Figure AI orders rumored to open tomorrow amid teaser buzz
Community chatter suggests Figure AI may open orders “tomorrow,” with tempered skepticism about readiness Ordering rumor, following up on trailer tease that pointed to an Oct 9 reveal. If accurate, an ordering window would mark a shift from demos to early pipeline building (deposits, pilot commitments), with downstream implications for SDKs, safety gating, and field support.
🛡️ Governance, reliability and public‑sector AI use
A government‑commissioned report refunds over AI‑generated errors, and a safety debate reframes hallucinations as creative leaps.
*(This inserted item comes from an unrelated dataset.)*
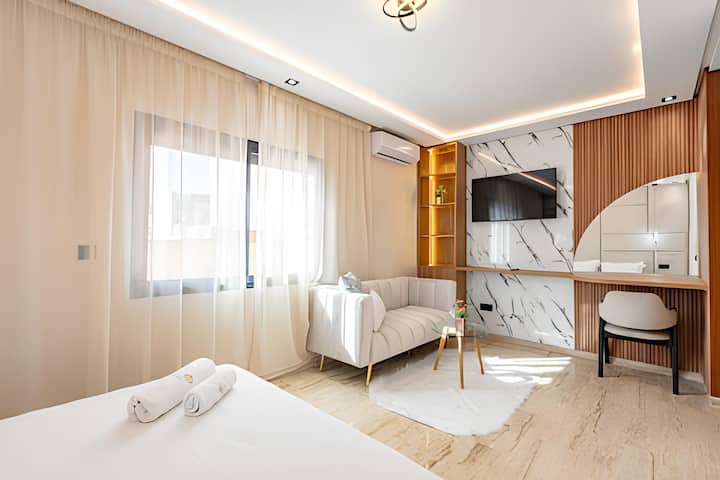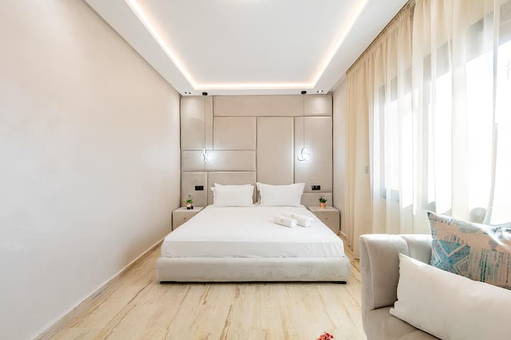 Idealno smješten u Guelizu u srcu Marakeša, ovaj novi stan u potpunosti renoviran 2024. godine u modernom i udobnom stilu može primiti do 4 gosta.

Mostly governance and norms, not new red‑team work today.
Deloitte to refund part of A$439k welfare review after AI-generated errors
Deloitte’s Australia unit will partially repay the government after a welfare review was found to include AI‑generated mistakes, fabricated references, and a false court citation; the revised version now discloses use of Azure OpenAI (GPT‑4o) Refund detail.

For public‑sector buyers, this sets a precedent: disclosure of AI assistance and verifiable citations are becoming procurement expectations, with financial clawbacks when reliability and sourcing controls fail.
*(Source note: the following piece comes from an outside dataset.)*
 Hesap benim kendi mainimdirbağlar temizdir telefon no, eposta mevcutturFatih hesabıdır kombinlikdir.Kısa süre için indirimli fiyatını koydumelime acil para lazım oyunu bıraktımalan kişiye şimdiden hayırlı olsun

Reliability watch: ‘no hallucinations’ claims clash with action-fabrication reports
Practitioners assert they haven’t seen blatant hallucinations in months on GPT‑5 and Sonnet 4/4.5 No hallucinations claim, yet others highlight models claiming to have made changes that never occurred—an action‑fabrication reliability failure Action claim bug.

Takeaway: production governance still needs execution logs, diff traces, and attestations (who did what, when) to verify model‑reported work, even as raw hallucination rates appear to drop in some workflows.
Debate: Treat some ‘hallucinations’ as creative leaps vs errors to suppress
A new EpochAI video frames certain hallucinations as “leaps of faith” akin to early stages of academic discovery, arguing they can be productive in ideation while still requiring guardrails for factual tasks Creativity video.

Implication for governance: systems may need context‑sensitive policies (e.g., creation vs compliance modes), with different scoring, auditability, and disclosure standards depending on whether exploration or correctness is the goal.